Sonny Smith is an old San Francisco friend I hadn’t spoken to in fifteen years. Here’s what Mother Jones had to say about his new album:
“On his own, or as leader of Sonny and the Sunsets, the engaging Sonny Smith specializes in finely observed vignettes about everyday people that showcase his wry, slackerish voice. For all its rough edges, though, there’s nothing casual about his scruffy garage pop, which tempers a streak of melancholy with offhand, self-aware wit. Produced by Black Keys frontman Dan Auerbach (who knows a thing or two about making eccentricity accessible), Rod for Your Love is Smith’s most commercial effort yet—it’s all relative—boasting a brighter sound and sunnier vibe than before. Witness the jaunty, toe-tapping optimism of the irresistible “Lost,” where he chirps, “I know the way this time,” or the romantic drama “Burnin’ Up,” featuring Angel Olsen’s tangy harmonies. While Smith may never top the charts, he’s never been more entertaining or more deserving of mainstream attention.”

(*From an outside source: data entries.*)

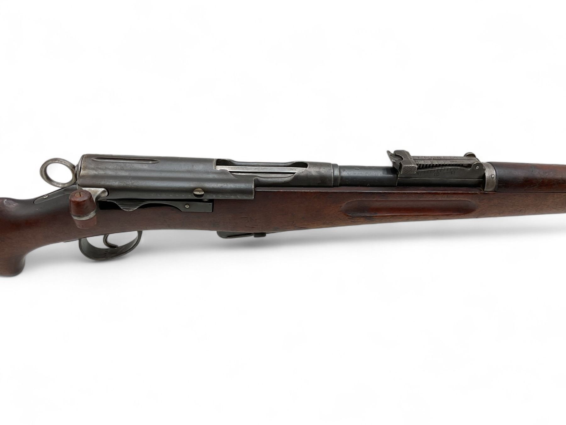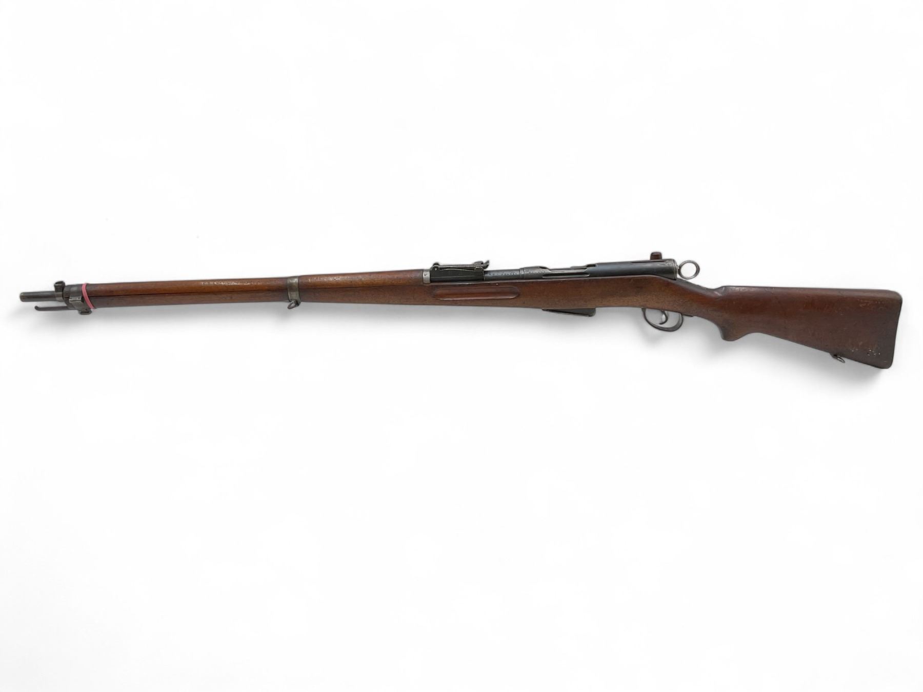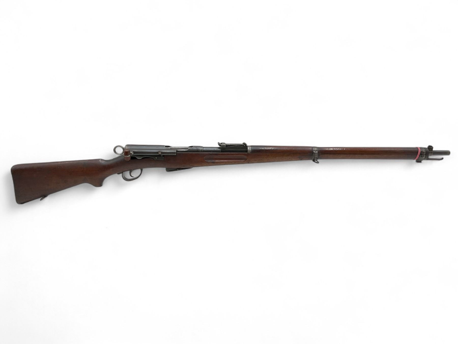 Schmidt Rubin 1911 Straight Pull Rifle 7.5 Swiss 31" Barrel Wood Stock. Comes with one detachable magazine. Fixed front sight, adjustable rear sight. Serial number 424351. This is a non-restricted firearm.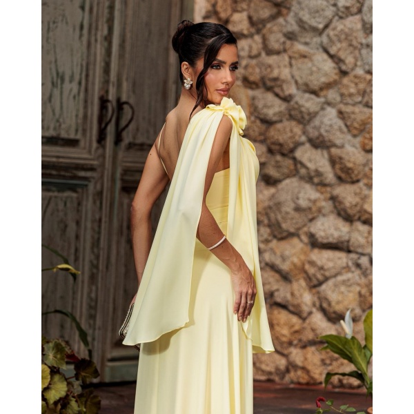 👗Vestido longo em crepe com saia fluida busto drapeado alcinhas e detalhe de flor no ombro com manga capa. Lindissimo!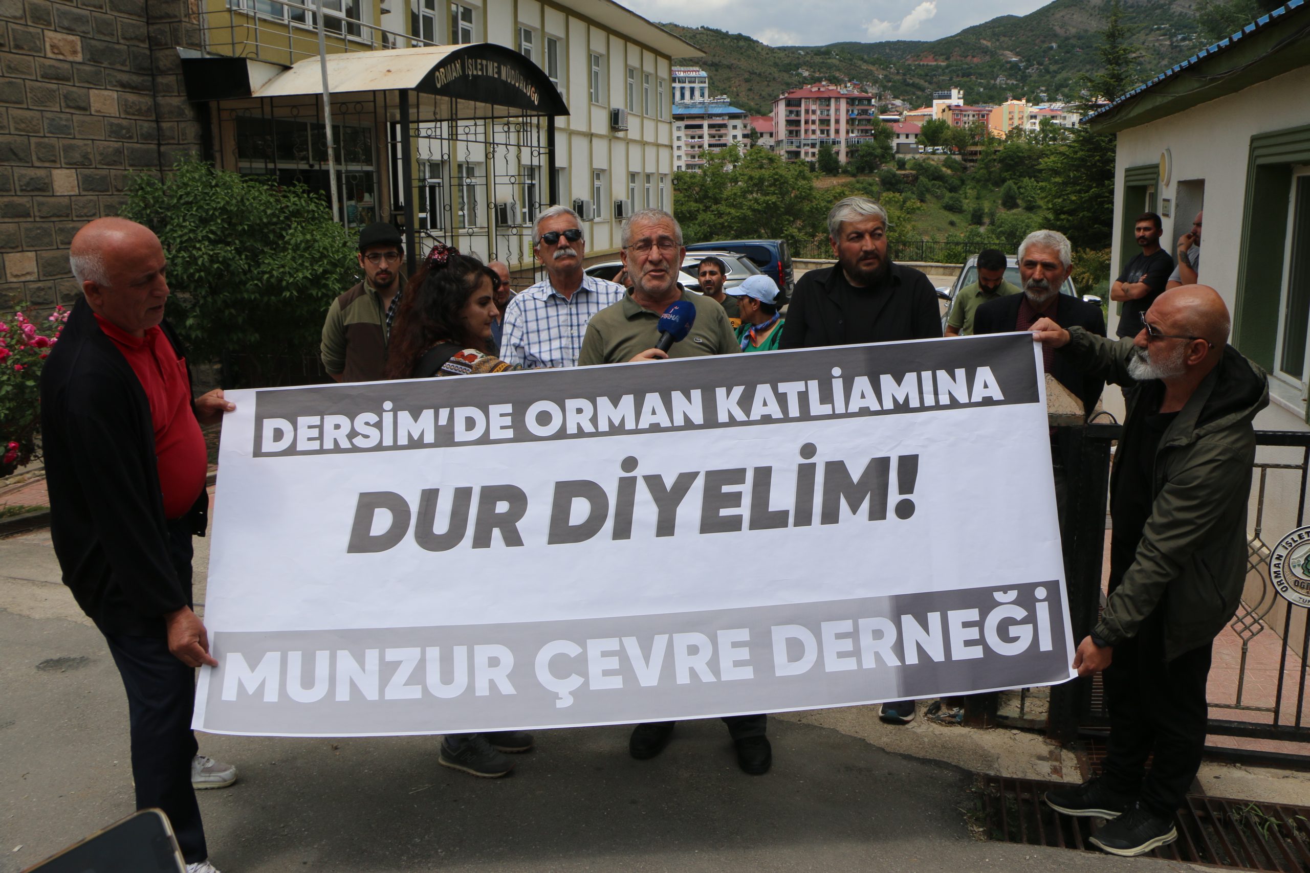 Dersim’de uzun süredir orman kıyımının sürdüğünü belirten Yusuf Topçu, “Rant ve kâr hırsı uğruna şirketler aracılığıyla doğamız talan edilmektedir. Dersim’deki orman kıyımına ormandan sorumlu kurumlar ve devlet organları da sessiz kalmaktadır. Ormanı ve ağacı sadece bir odun olarak gören, rant ve para uğruna doğayı katleden, bu orman kıyımını gerçekleştiren ve bu kıyıma izin veren zihniyeti biz çok iyi tanıyoruz ve biliyoruz. Kapitalizm gölgesini satamadığı ağacı keserek paraya dönüştürüyor, bugün burada bu zihniyeti teşhir ediyoruz. Dersim Hozat yolu arasındaki Çiçekli bölgesinde müteahhit Mehmet Turan tarafından genç filiz meşe ağaçlarının bulunduğu orman arazisi tıraşlanmaktadır. Biz Munzur Çevre Derneği olarak doğayı paradan ibaret gören bu kıyıma sessiz kalmıyoruz. Doğayı talan eden, kâr hırsı uğruna gerçekleştirilen kesim ihaleleri durdurulsun” dedi.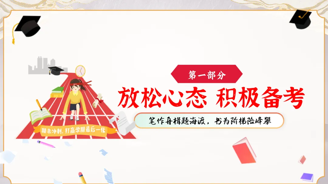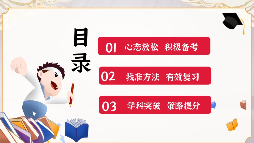 今天的班会主要分为三个部分:第一部分是放松心态积极备考,第二部分是找准方法有效复习,第三部分是各科突破策略提分。希望大家认真聆听,有所收获。

We talked about flying to Nashville to be produced by a rock star (and guests Pat Sansome of Wilco and Angel Olsen), and about then deciding to head home and onto his next projects instead of hitting the road to promote that album. We traded Robyn Hitchcock and Spalding Gray stories. We went into the tough decisions artists need to make regarding creative living versus promoting a creative life. To name just a few topics. We had a lot of fun reconnecting. Or at least I did. I think we both did.
We mention a few names and places. Virgil = Virgil Shaw, Kelly = Kelly Stoltz, Atom = Atom Ellis, and the Make Out Room is a bar I used to work at and he used to play at in the Misison in SF.